The school is already evolving away from its purest form. AutoGen’s successor, the Microsoft Agent Framework, replaced GroupChat with explicit graph-based workflows. LangGraph’s shared-state model isn’t free-form chat. Agents read and write to a shared state object rather than passing messages directly to each other, with checkpointing at every node. The most rigorous current implementations have been pulled, by production pressure, toward more explicit coordination surfaces.

The school’s premise is that the boundary between agents should look as much as possible like the boundary between collaborating humans, with conversation as the medium of coordination, the way two engineers exchange in a pairing session.
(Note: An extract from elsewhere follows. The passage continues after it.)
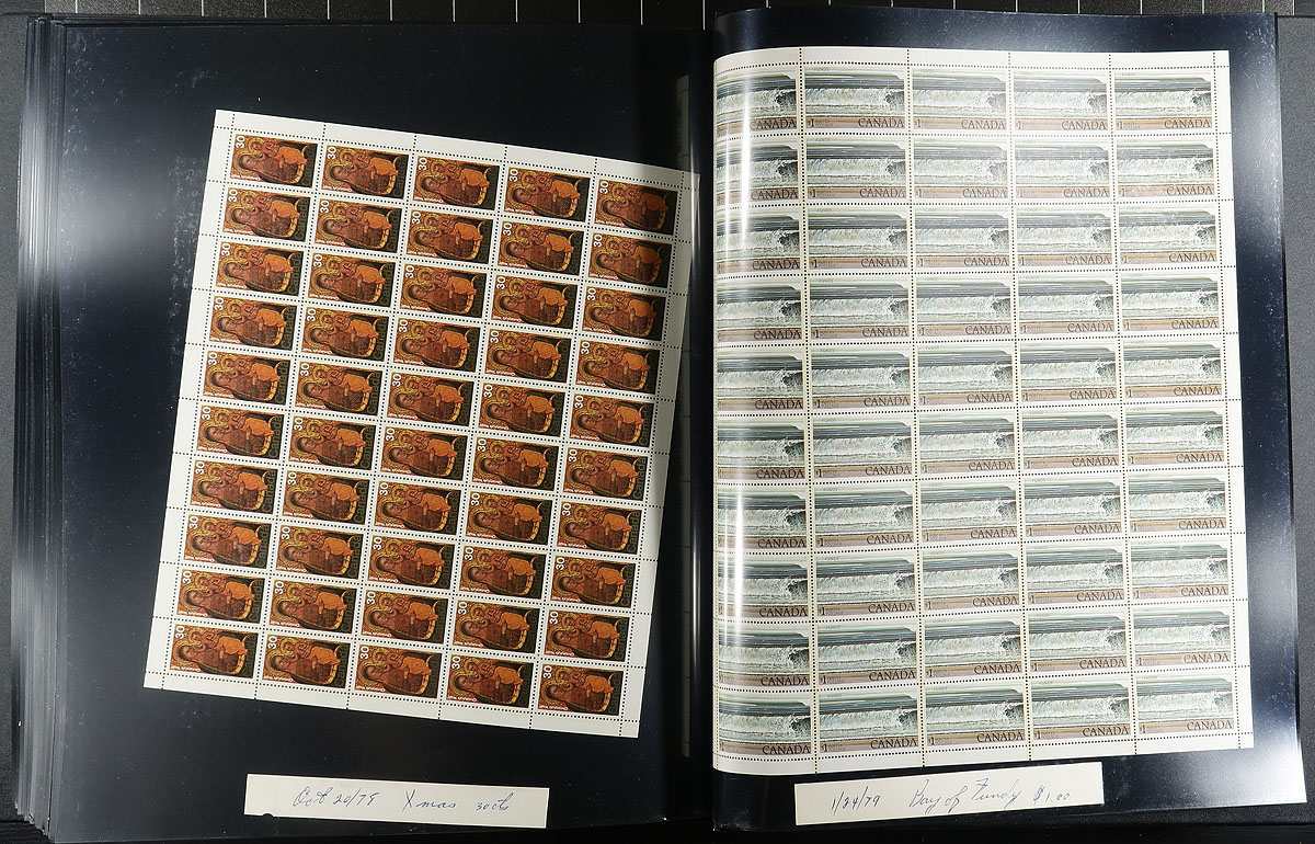 Mint Sheet Holding #586/769. Complete mint field-stock sheets (no plate blocks) in as-new condition covering almost seven years of issue, including commemoratives, definitives and semi-postals (no premium for surcharge). Includes Caricatures to 8c, "Streets" to 80c, a Fundy dollar and the complete Capex ’78 set, plus the Olympic semi-postals. The $1 and $2 Olympic architecture are sheetlets of 8, otherwise everything else is in a pane of 50 or 100 stamps, all mint never hinged. The bonus is that they are housed in a like new condition black, cover and page, Uni-Safe mint sheet file binder with matching slip cover, which seems to be out of production, but likely would sell for over $100.00. Conservatively valued for the total face value only (but full sheets often demand a premium). Total face value =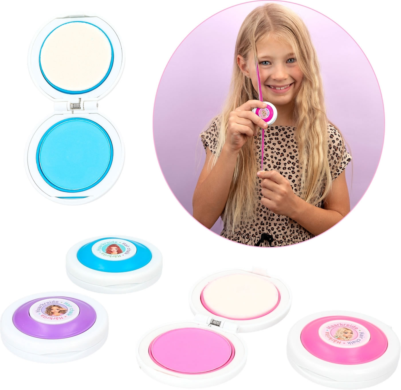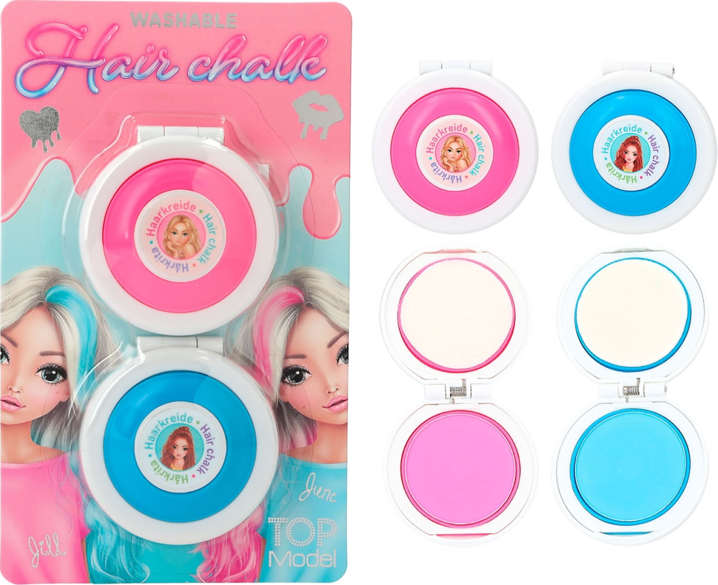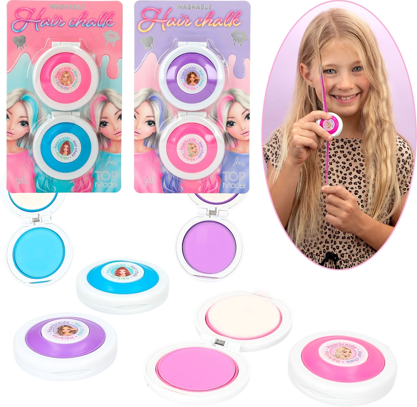Mehr Spaß im Haar: Mit der Haarkreide von TOPModel kann man sich kinderleicht bunte Strähnen ins Haar zaubern. Zwei Farben pro Set: Lila und Pink (je 2,1 g) oder Pink und Blau (je, 2,1 g). Die Farbe ist leicht auswaschbar.

The premise the rest of this post argues is the inverse. The boundary between agents should look as little as possible like the boundary between collaborating humans. The agents aren’t pairing. They are processes. The medium that scales isn’t conversation. It is contract: a tightly specified handoff where each side knows exactly what to deliver and exactly what to consume, and neither side observes the other’s process. Kent Beck has put the cleanest version of the underlying point: “Multi-agent is a feature. Outcome-orientation is the thing the feature is supposed to deliver. We keep getting those confused.” The popular school has confused the feature for the thing.

The failure shape isn’t specific to parallel spawns. The same problem appears in chained pipelines. A pipeline runs three agents in sequence: a researcher, a writer, a reviewer. The researcher returns a thorough report. The writer reads the report and produces a draft. The reviewer reads the draft and the report and produces feedback. The orchestrator reads everything along the way, because everything is in the conversation by the time the next step runs. By the third agent, the orchestrator’s working surface holds the original task, the researcher’s eight-hundred-word findings, the writer’s two-thousand-word draft, the reviewer’s notes, and the residue of every status update each agent volunteered as it worked. Each agent behaved correctly inside its own boundary. The pipeline degrades anyway, because nobody designed what would cross the boundaries between them.

Trust-based delegation: the mental model#

The frame that holds the rest of the post together, before any specific pattern lands, is trust-based delegation: the orchestrator’s commitment that the rules and instructions it crafted for the sub-agent are good enough that the agent will return the correct result, removing the need to observe every step. The orchestrator isn’t a manager looking over the sub-agent’s shoulder. It’s not a critic reviewing each thought. It’s a caller of a function whose contract it trusts, the way any function caller trusts the function it called.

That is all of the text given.